The electric field disturbance triggered by TTFields leads to alteration in nuclear structure and abnormality in chromosomal number and distribution (Gera et al., 2015; Giladi et al., 2016; Silginer et al., 2017; Kessler et al., 2018; Jo et al., 2018b). As shown in Figure 2A, TTFields induces cellular stress, which results in nuclear dysmorphologies (Gera et al., 2015; Giladi et al., 2016; Silginer et al., 2017; Kessler et al., 2018; Jo et al., 2018b). TTFields exposure increased the number of GBM and mesothelioma cells with multiple nuclei and micronuclear structures by 6% and 16%, respectively (Giladi et al., 2016). Additionally, studying human breast adenocarcinoma (MCF-7) cells via fluorescence microscopy following 8 h of 150 kHz TTFields exposure showed a 10% increase in the number of enlarged cells (Gera et al., 2015). The enlargement was a consequence of cellular stress induced by TTFields that results in an increase in the number of nuclei present in each cell (Gera et al., 2015). The aberrant effect of TTFields on normal nuclear formation in cancer cells can be intensified by combining TTFields with chemotherapies. Analyzing human GBM with fluorescence microscopy following exposure with TTFields and an inhibitor of monopolar spindle 1 (Mps1-IN-3) resulted in a significant increase in the number of cells with aberrant nuclei and abnormal shape and morphologies (73% compared to 9% in the control group). Each treatment alone also increased the number of cells with abnormal nuclei (38% for TTFields exposure and 65% for IN-3 exposure), but the increase was more significant under combination treatment (Kessler et al., 2018). Time-lapse fluorescence microscopy of human cervical adenocarcinoma (HeLa), breast adenocarcinoma (MDA-MB-231 and MCF-7), and colorectal cancer (HCT116) cells demonstrated a 25% increase on average in the number of cells with a higher number of micronuclear structures (Gera et al., 2015). This indicates that TTFields can induce stress in cancer cells, which results in an increase in genotoxic events, chromosomal instability, and cell death.

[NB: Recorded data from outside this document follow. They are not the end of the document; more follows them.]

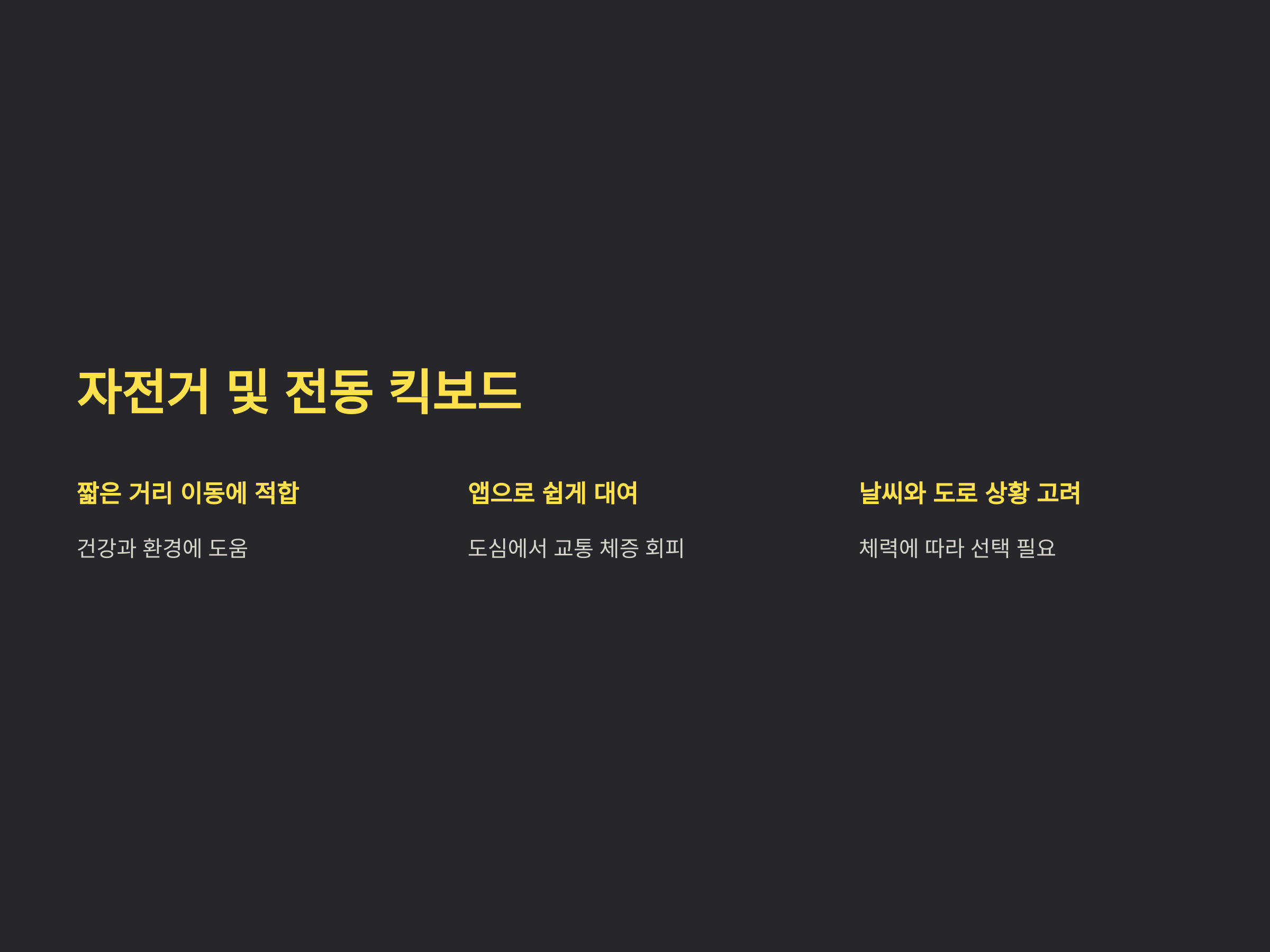 자전거와 전동 킥보드는 짧은 거리의 이동을 위한 좋은 대체 수단입니다. 특히, 자전거는 건강에도 좋고 환경에도 도움이 되며, 전동 킥보드는 매우 빠르고 효율적으로 이동할 수 있습니다. 특히 전동 킥보드는 최근 몇 년 동안 큰 인기를 끌며, 앱을 통해 쉽게 대여할 수 있습니다.
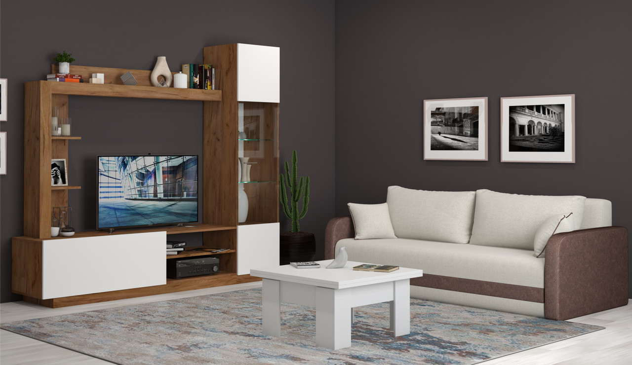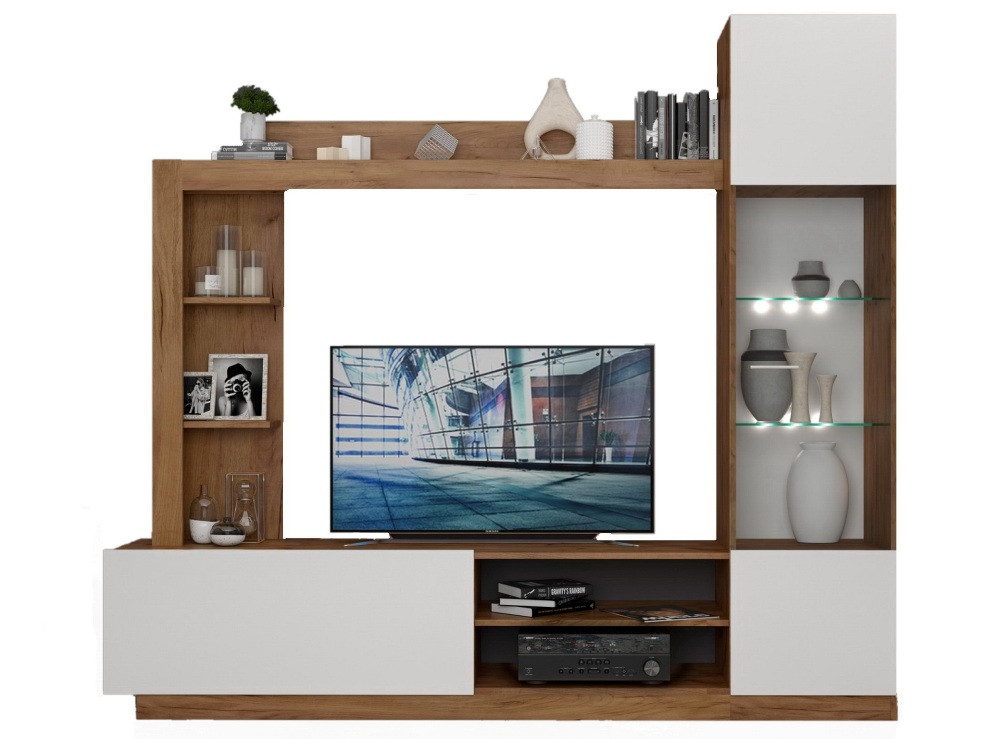 Компактная стенка Флекс в европейском стиле совмещает в себе все современные тренды: ламинированная плита в цвете крафт золотой из нового поколения декоров Кроношпан (Австрия), рисунок и рельеф натурального дерева, утолщённые линии корпуса, скрытая крепежная фурнитура (без заглушек на боковинах) и выступающие фасады, позволяющие обойтись без ручек. Стенка Флэкс отлично сочетается с другой мебелью, отличающейся по стилю и цвету. Для этого достаточно добавить белый или теплый древесный цвет в одной или в паре деталей комнаты — например, в раме для картины или в ножках стульев. Микс – это новый тренд нашего времени в интерьере, сейчас модно перемешивать цвета, фактуры, стили, формы и размеры. Это делает интерьер более индивидуальным и интересным. Выполнена из экологичных материалов
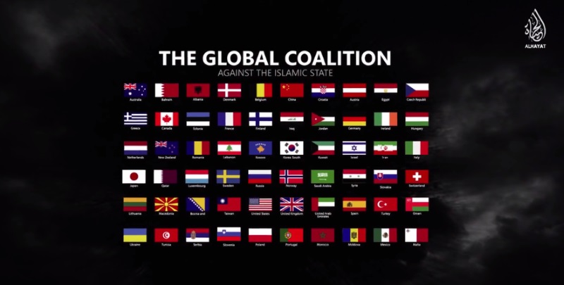 在3分05秒时,影片展示出60面国旗,指这些是“反伊斯兰国全球盟军”,其中包括中华人民共和国和中国台湾地区旗帜。

Further morphological changes in the endoplasmic reticulum (ER) were observed in cancer cells exposed to TTFields. The ER is required for protein production and ensuring the function and stability of cells. Thus, ER dilation as a result of TTFields exposure disrupts protein synthesis and their translocation to the cell membrane, which could further contribute to cancer cell death (Silginer et al., 2017; Voloshin et al., 2020a). ER dilation was observed under electron microscopy (EM) in human long-term glioma (LN-18) and gastrointestinal cancer (ZH-161) cells (Silginer et al., 2017). Additionally, immunoblotting analysis of LLC-1 and CT-26 cells exposed to TTFields for 72 h showed a respective 3-fold and 6-fold increase in phosphorylation of elF2a over time (Voloshin et al., 2020a). Such observations further demonstrate that TTFields induces stress in the ER that could disrupt various cellular functions and interactions with the intracellular environment. Induction of ER stress could also be the underlying reason for the increase in localization of calreticulin (CRT) in the cell membrane following TTFields exposure (Voloshin et al., 2020a).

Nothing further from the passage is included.